Escherichia virus T4 is a species of bacteriophages that infects Escherichia coli bacteria. It is a double-stranded DNA virus in the subfamily Tevenvirinae of the family Straboviridae. T4 is capable of undergoing only a lytic life cycle and not the lysogenic life cycle. The species was formerly named T-even bacteriophage, a name which also encompasses, among other strains (or isolates), Enterobacteria phage T2, Enterobacteria phage T4 and Enterobacteria phage T6.

==Use in research==
Dating back to the 1940s and continuing today, T-even phages are considered the best studied model organisms. T-even phages are among the largest and highest complexity virus, being made up of around 300 genes. T-even viruses also use hydroxymethylcytosine (HMC) in place of cytosine as part of their DNA.

==Genome and structure==
The T4 virus's double-stranded DNA genome is about 169 kbp long and encodes 289 proteins. The T4 genome is terminally redundant. Upon DNA replication, long multi-genome length concatemers are formed, perhaps by a rolling circle mechanism of replication. When packaged, the concatemer is cut at unspecific positions of the same length, leading to several genomes that represent circular permutations of the original. The T4 genome bears eukaryote-like intron sequences.

===Translation===
The Shine-Dalgarno sequence GAGG dominates in virus T4 early genes, whereas the sequence GGAG is a target for the T4 endonuclease RegB that initiates the early mRNA degradation.
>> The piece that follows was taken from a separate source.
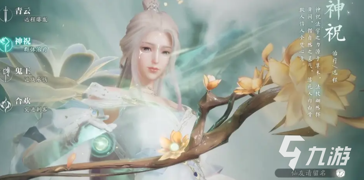 神祝是輔助類(lèi)的,能靠著強(qiáng)大的治療輔助能力來(lái)提升隊(duì)友們的續(xù)航,使得隊(duì)伍更加具有生存力,他的普攻會(huì)對(duì)敵人造成仙法傷害,每3次普攻會(huì)增加輸出并回復(fù)靈力值,他的“花舞”能對(duì)周?chē)鷶橙嗽斐上煞ㄝ敵霾⑺麄兘o擊飛,他的“花落”會(huì)給一位隊(duì)友回復(fù)氣血,并自動(dòng)讓范圍內(nèi)生命值最低的隊(duì)友也得到回復(fù),他的“竹影界”會(huì)展開(kāi)一個(gè)向前方移動(dòng)的竹墻,竹墻在不斷移動(dòng)的情況下會(huì)將對(duì)手直接撞飛,在墻體存在期間能幫助抵達(dá)敵人與飛行物,他的蓬萊在自身有60靈力值的情況下才能使用,釋放時(shí)會(huì)解除掉身上的控制,并復(fù)活范圍內(nèi)所有重傷隊(duì)友幫助他們回復(fù)氣血。

==Virus particle structure==

Structural overview of T2 phage

T4 is a relatively large virus, at approximately 90 nm wide and 200 nm long (most viruses range from 25 to 200 nm in length). The DNA genome is held in an icosahedral head, also known as a capsid. The T4's tail is hollow so that it can pass its nucleic acid into the cell it is infecting after attachment. Myoviridae phages like T4 have complex contractile tail structures with a large number of proteins involved in the tail assembly and function. The tail fibres are also important in recognizing host cell surface receptors, so they determine if a bacterium is within the virus's host range.

The structure of the 6 megadalton T4 baseplate that comprises 127 polypeptide chains of 13 different proteins (gene products 5, 5.4, 6, 7, 8, 9, 10, 11, 12, 25, 27, 48 and 53) has recently been described in atomic detail. An atomic model of the proximal region of the tail tube formed by gp54 and the main tube protein gp19 have also been created. The tape measure protein gp29 is present in the baseplate-tail tube complexes, but it could not be modeled.

During assembly of the bacteriophage (phage) T4 virion, the morphogenetic proteins encoded by the phage genes interact with each other in a characteristic sequence. Maintaining an appropriate balance in the amounts of each of these proteins produced during viral infection appears to be critical for normal phage T4 morphogenesis. Phage T4 encoded proteins that determine virion structure include major structural components, minor structural components and non-structural proteins that catalyze specific steps in the morphogenesis sequence. Phage T4 morphogenesis is divided into three independent pathways: the head, the tail and the long tail fibres as detailed by Yap and Rossman.

==Infection process==
The T4 virus initiates an Escherichia coli infection by binding OmpC porin proteins and lipopolysaccharide (LPS) on the surface of E. coli cells with its long tail fibers (LTF). A recognition signal is sent through the LTFs to the baseplate. This unravels the short tail fibers (STF) that bind irreversibly to the E. coli cell surface. The baseplate changes conformation and the tail sheath contracts, causing GP5 at the end of the tail tube to puncture the outer membrane of the cell. The lysozyme domain of GP5 is activated and degrades the periplasmic peptidoglycan layer. The remaining part of the membrane is degraded and then DNA from the head of the virus can travel through the tail tube and enter the E. coli cell.

In 1952, Hershey and Chase provided key evidence that the phage DNA, as distinct from protein, enters the host bacterial cell upon infection and is thus the genetic material of the phage. This finding suggested that DNA is, in general, the genetic material of different organisms.

===Reproduction===
The lytic life cycle (from entering a bacterium to its destruction) takes approximately 30 minutes (at 37 °C). Virulent bacteriophages multiply in their bacterial host immediately after entry. After the number of progeny phages reach a certain amount, they cause the host to lyse or break down, therefore they would be released and infect new host cells. The process of host lyses and release is called the lytic cycle. Lytic cycle is a cycle of viral reproduction that involves the destruction of the infected cell and its membrane. This cycle involves a virus that overtakes the host cell and its machinery to reproduce. Therefore, the virus must go through 5 stages in order to reproduce and infect the host cell:
- Adsorption and penetration (starting immediately)
- Arrest of host gene expression (starting immediately)
- Enzyme synthesis (starting after 5 minutes)
- DNA replication (starting after 10 minutes)
- Formation of new virus particles (starting after 12 minutes)
After the life cycle is complete, the host cell bursts open and ejects the newly built viruses into the environment, destroying the host cell. T4 has a burst size of approximately 100–150 viral particles per infected host.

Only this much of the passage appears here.